### PROVIDED MATERIAL:
______
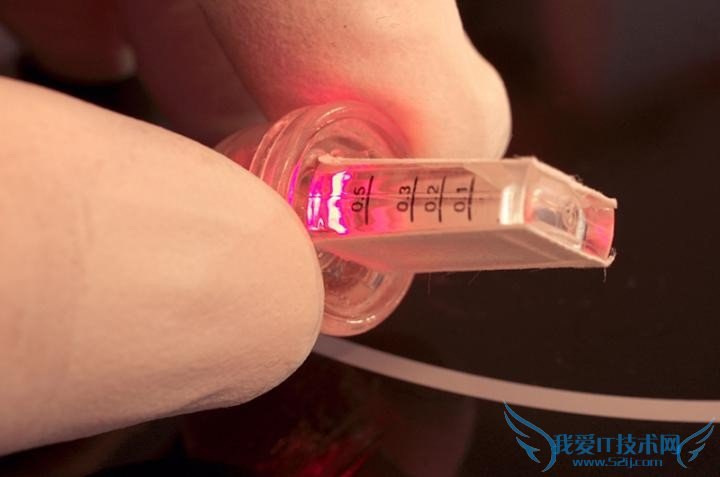 接着一束光将经过这个植入物:一个释放近红外光的集成LED灯将开启并照亮一个包含转基因细胞的培养腔。当近红外光照亮细胞时,它们开始产生所需要的蛋白质。
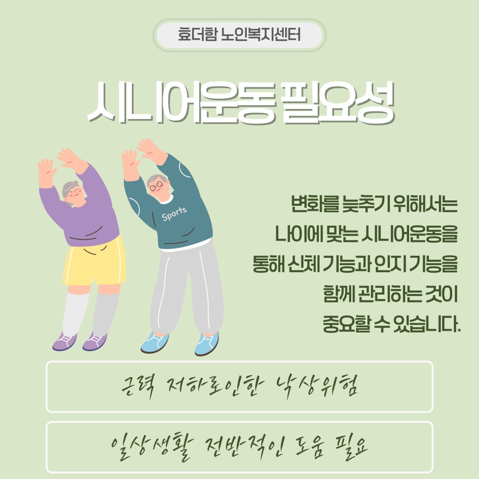 È¿´õÇÔ³ëÀκ¹Áö¼¾ÅÍ¿¡¼´Â ¾î¸£½ÅµéÀÇ ½Åü »óÅ¿¡ ¸Â°Ô À¯»ê¼Ò, ±Ù·Â, À¯¿¬¼º, ±ÕÇü ¿ä¼Ò¸¦ °í¸£°Ô Æ÷ÇÔÇØ¼ µµ¿Íµå¸®°í ÀÖ½À´Ï´Ù!
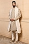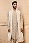 Featuring a gold sherwani in viscose and polyester base with embroidery. It is paired with a kurta, pants and a stole. Accentuate it with pair of mojaris, a safa and a mala for a traditional look, Perfect wear for your wedding or engagement ceremony.
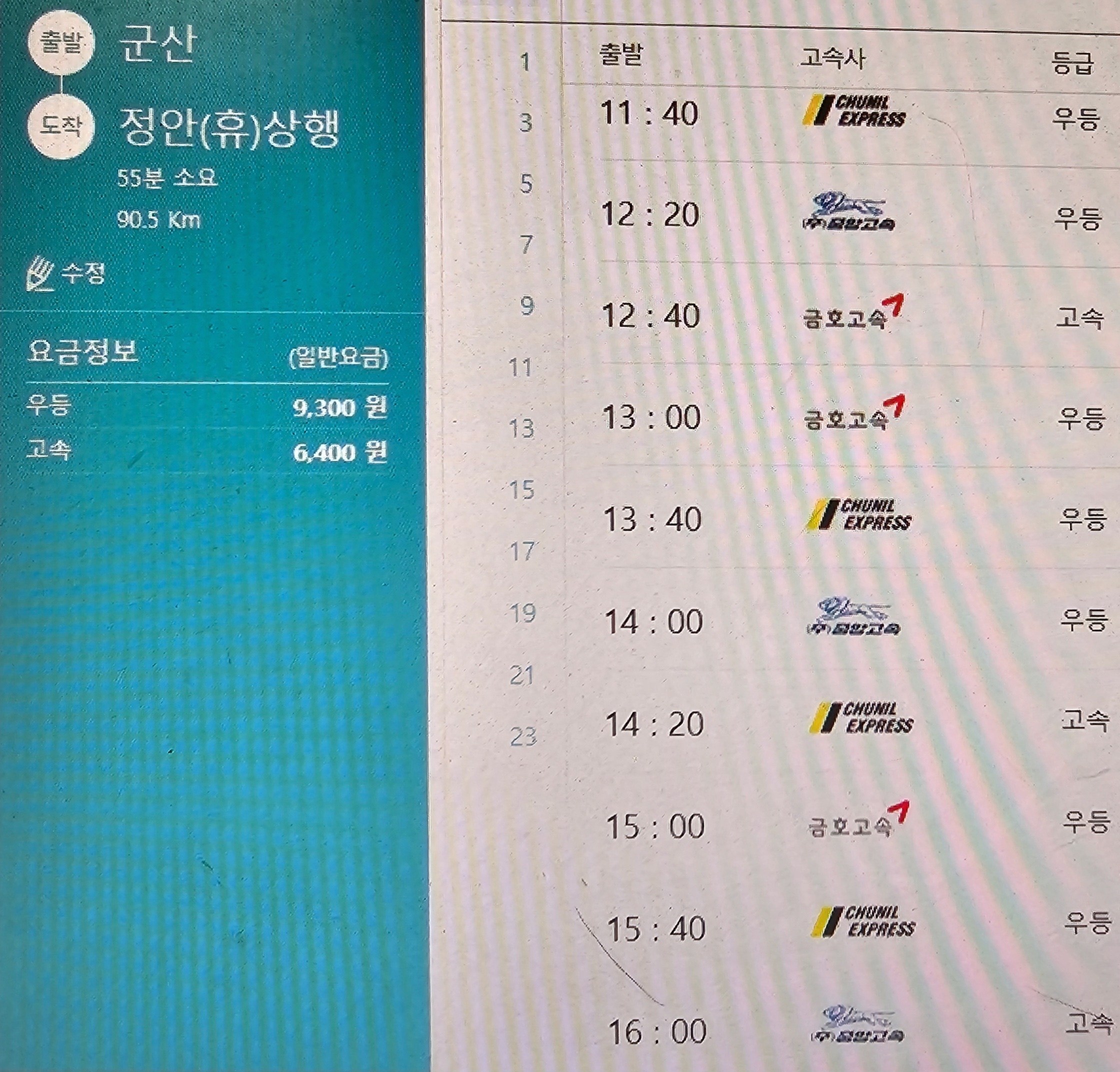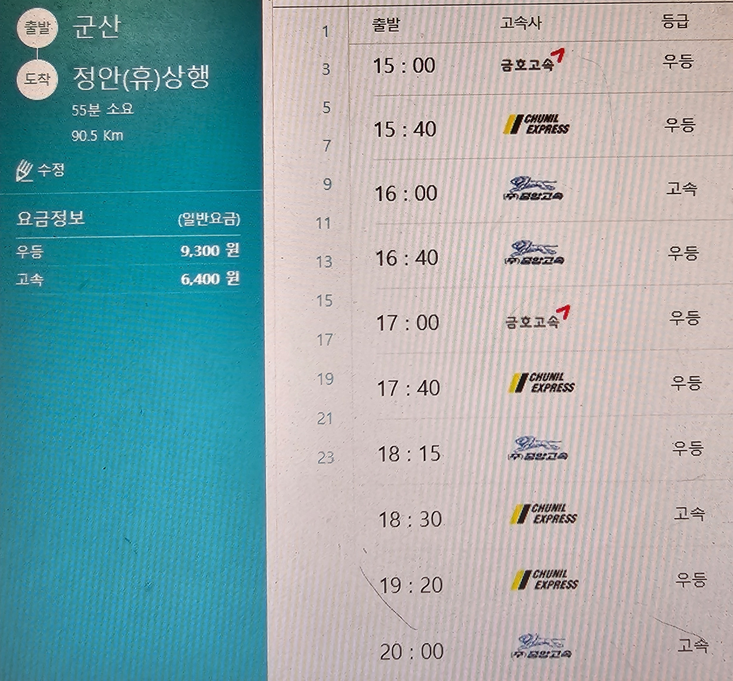 군산고속버스터미널에서 고속버스 환승이 가능한 정안(휴) 상행선 가는 버스 첫차는 07시 우등이 운행하고,요금은 9,300원이고 소요시간은 약 55분이 소요된다.
______
Extract the lines exactly, please: the first line of the listing, the line with "Featuring a gold", and every line between them, but no pictures.

 接着一束光将经过这个植入物:一个释放近红外光的集成LED灯将开启并照亮一个包含转基因细胞的培养腔。当近红外光照亮细胞时,它们开始产生所需要的蛋白质。
 È¿´õÇÔ³ëÀκ¹Áö¼¾ÅÍ¿¡¼´Â ¾î¸£½ÅµéÀÇ ½Åü »óÅ¿¡ ¸Â°Ô À¯»ê¼Ò, ±Ù·Â, À¯¿¬¼º, ±ÕÇü ¿ä¼Ò¸¦ °í¸£°Ô Æ÷ÇÔÇØ¼ µµ¿Íµå¸®°í ÀÖ½À´Ï´Ù!
 Featuring a gold sherwani in viscose and polyester base with embroidery. It is paired with a kurta, pants and a stole. Accentuate it with pair of mojaris, a safa and a mala for a traditional look, Perfect wear for your wedding or engagement ceremony.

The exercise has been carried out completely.